Annotation and notes
In colloquial English, to hoodwink someone is to trick them into thinking what you want them to, not necessarily what they should.
The hoodwink is a device used to calm and pacify a bird of prey, covering its eyes and ears, perhaps lulling it to sleep in a false night, until the time comes to loose it on prey. This makes the bird docile and easy to handle. Well, for every falconer except Hodgesaargh, perhaps.
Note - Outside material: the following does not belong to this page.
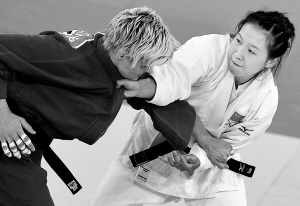 8月1日,在柔道女子63公斤级决赛中,徐丽丽(右)不敌佐尼尔,获得亚军。

A similar blinding hood, also called the hoodwink, is used in initiation rituals in Freemasonry and other related mystical societies. This makes the initiate vulnerable and more susceptible to whatever ritual indignities are inflicted on them during the rites. (Shea and Wilson list a few variants on the theme of initiation). Sceptical commentators have also used it as a metaphor for the way members of secret societies allegedly allow themselves to be blindly led by their leaders, to serve ends about which they know nothing: in the metaphorical sense, it could be that the hoodwink never comes off. (In a Discworld context, think Elucidated Brethren of the Ebon Night).
The in-fighting between the orders appears to suggest a link to those competing secret and occult societies, as discussed in Robert Anton Wilson and Robert Shea's Illuminatus! trilogy of novels.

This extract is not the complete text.